__Assigned task__: Copy every record verbatim but exclude the pictures.

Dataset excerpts
########
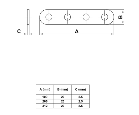 Placa (MOD. 505) Placa de união para estruturas de madeira. Aplicação: uniões pilar-viga, ligações, reparações, etc... Dimensões disponíveis: 100X20X2.5 MM 206X20X2.5 MM 312X20X2.5 MM Preços apenas sob consulta Categoria Construção de estruturas em madeira
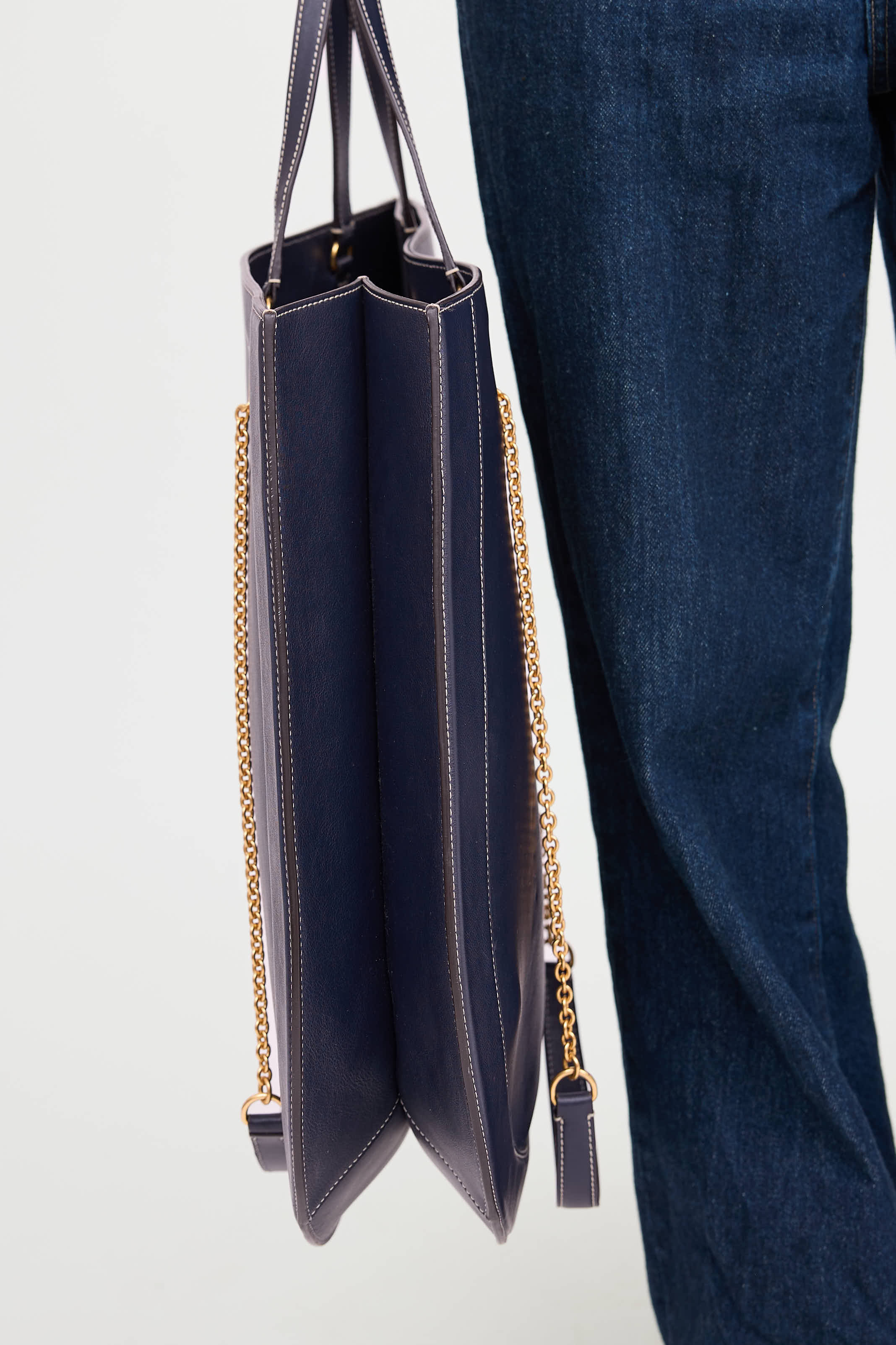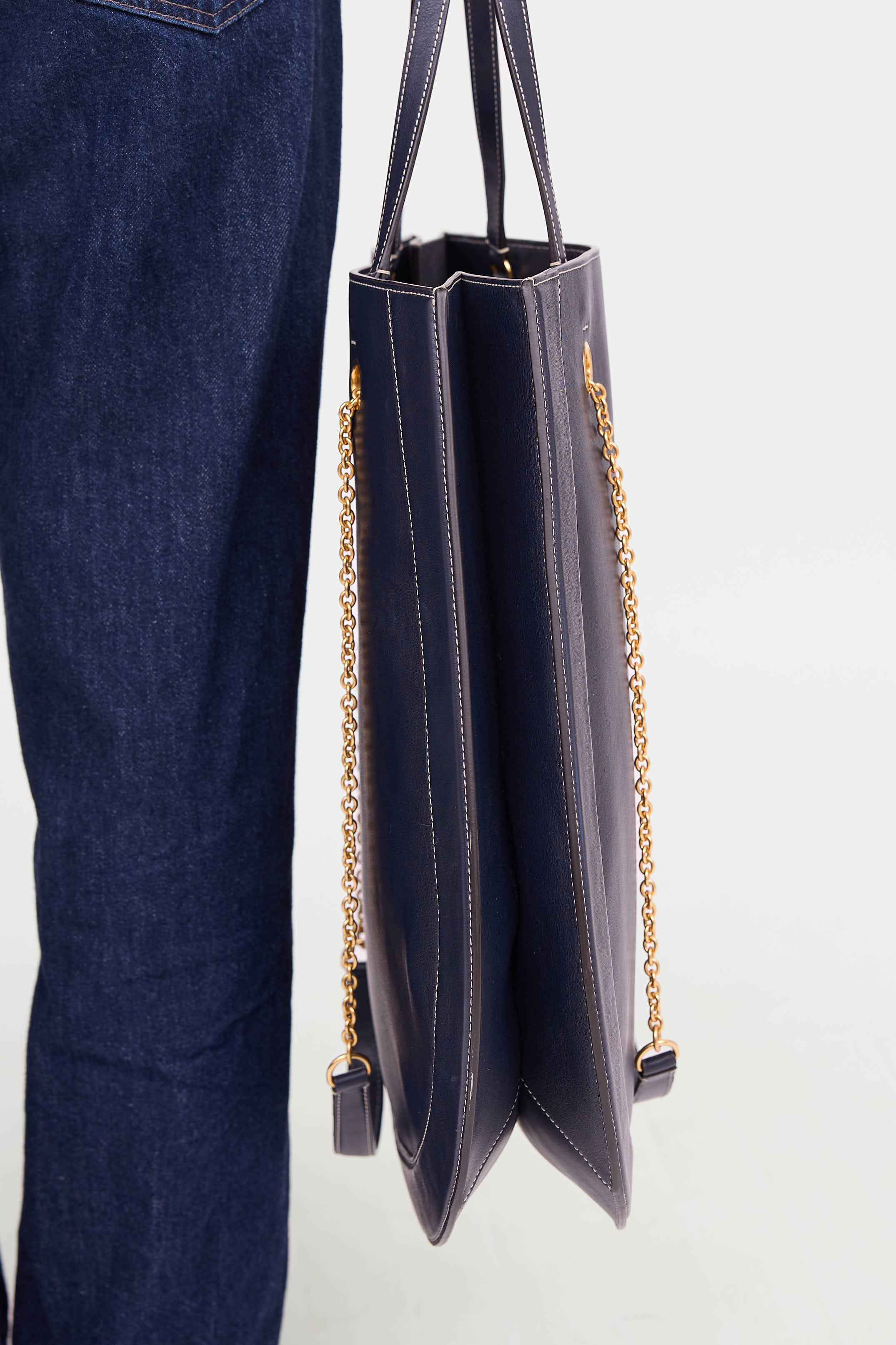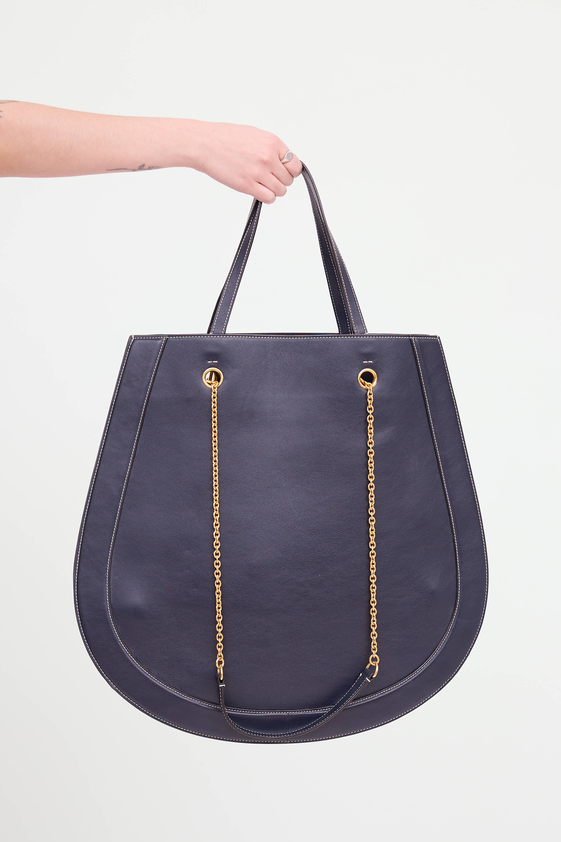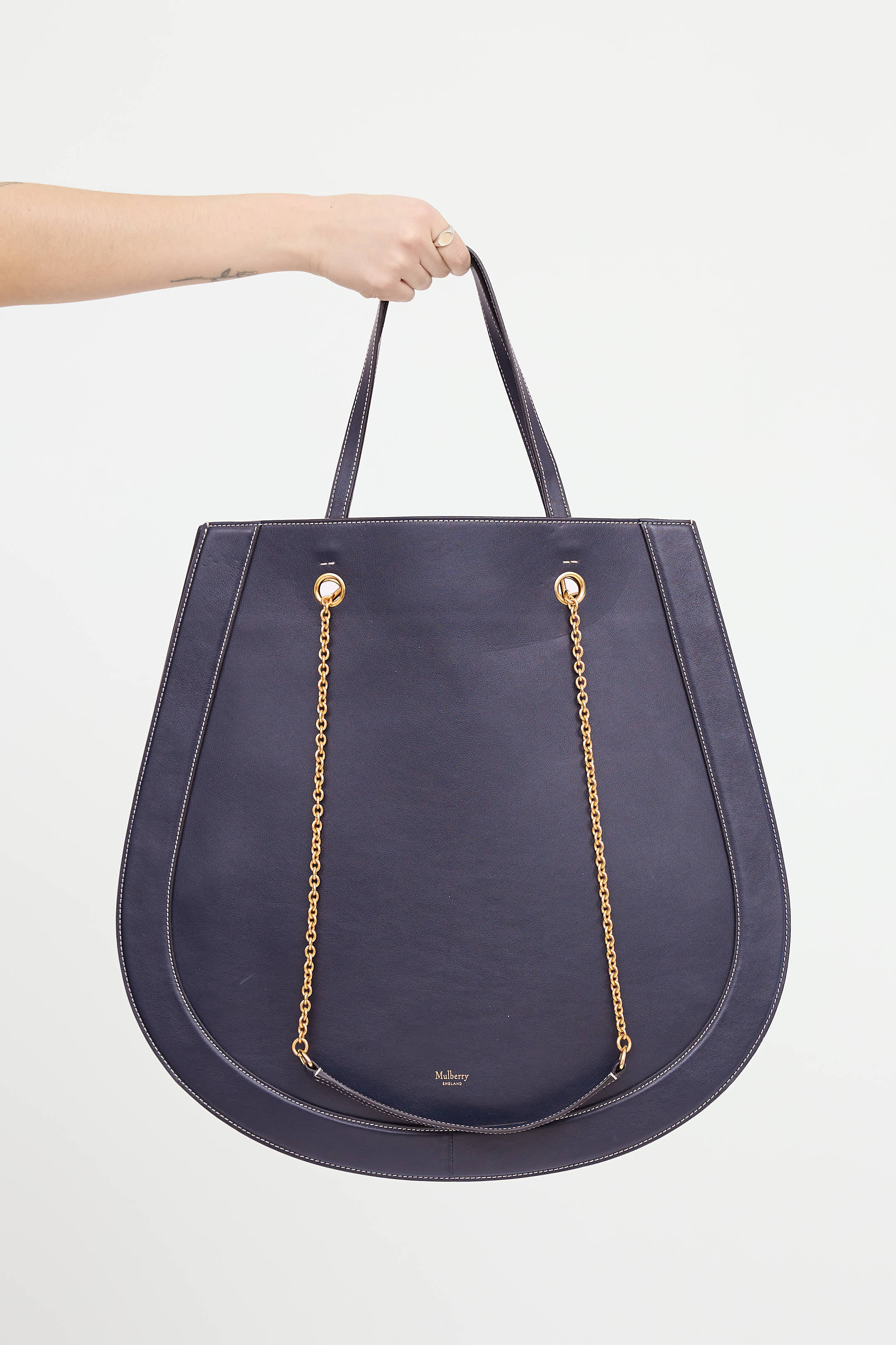 Pre-owned Mulberry navy Roundabout tote bag featuring dual leather flat top handles, detachable chain link and leather shoulder straps, gold tone hardware, contrast stitching, printed logo at front face, and one main compartment with one zip pocket.
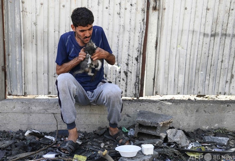 【5月20日 AFP】イスラエルの空爆が続くパレスチナ自治区ガザ地区(Gaza Strip)。18日、がれきと化したガザ地区の通りには、子猫を抱く一人の男性の姿があった。猫を保護して世話をするアハメド・モサベ(Ahmed Mosabeh)さん(28)だ。障害があり、特別な支援を必要とするモサべさんは、空爆の被害から逃れるため、保護猫と一緒に安全な場所に避難している。
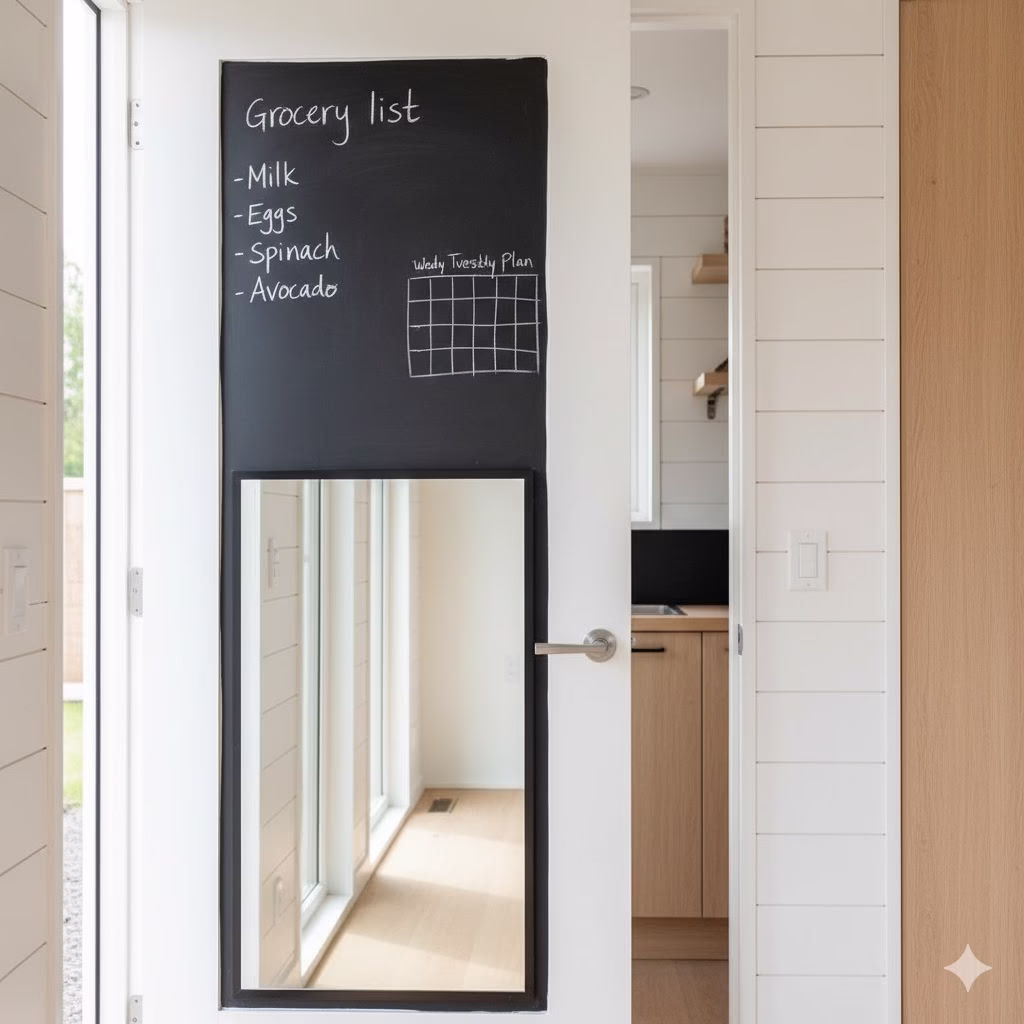 - How to do it: For mirrors or hook boards, make sure they are fixed well. For chalkboard paint, clean the door well first. Think about the added weight on the door. Adjust the hinges if you need to.
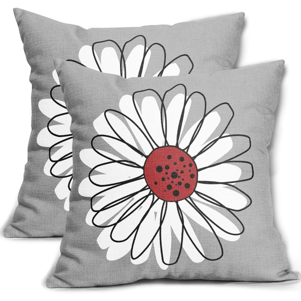 Red & White Daisy Pillow Covers 16x16, Set of 2, Spring/Summer Gray Linen Throw Pillowcases for Sofa, Couch, Bed â Compatible with Standard Inserts
########
__Written answer__:
 Placa (MOD. 505) Placa de união para estruturas de madeira. Aplicação: uniões pilar-viga, ligações, reparações, etc... Dimensões disponíveis: 100X20X2.5 MM 206X20X2.5 MM 312X20X2.5 MM Preços apenas sob consulta Categoria Construção de estruturas em madeira
 Pre-owned Mulberry navy Roundabout tote bag featuring dual leather flat top handles, detachable chain link and leather shoulder straps, gold tone hardware, contrast stitching, printed logo at front face, and one main compartment with one zip pocket.
 【5月20日 AFP】イスラエルの空爆が続くパレスチナ自治区ガザ地区(Gaza Strip)。18日、がれきと化したガザ地区の通りには、子猫を抱く一人の男性の姿があった。猫を保護して世話をするアハメド・モサベ(Ahmed Mosabeh)さん(28)だ。障害があり、特別な支援を必要とするモサべさんは、空爆の被害から逃れるため、保護猫と一緒に安全な場所に避難している。
 - How to do it: For mirrors or hook boards, make sure they are fixed well. For chalkboard paint, clean the door well first. Think about the added weight on the door. Adjust the hinges if you need to.
 Red & White Daisy Pillow Covers 16x16, Set of 2, Spring/Summer Gray Linen Throw Pillowcases for Sofa, Couch, Bed â Compatible with Standard Inserts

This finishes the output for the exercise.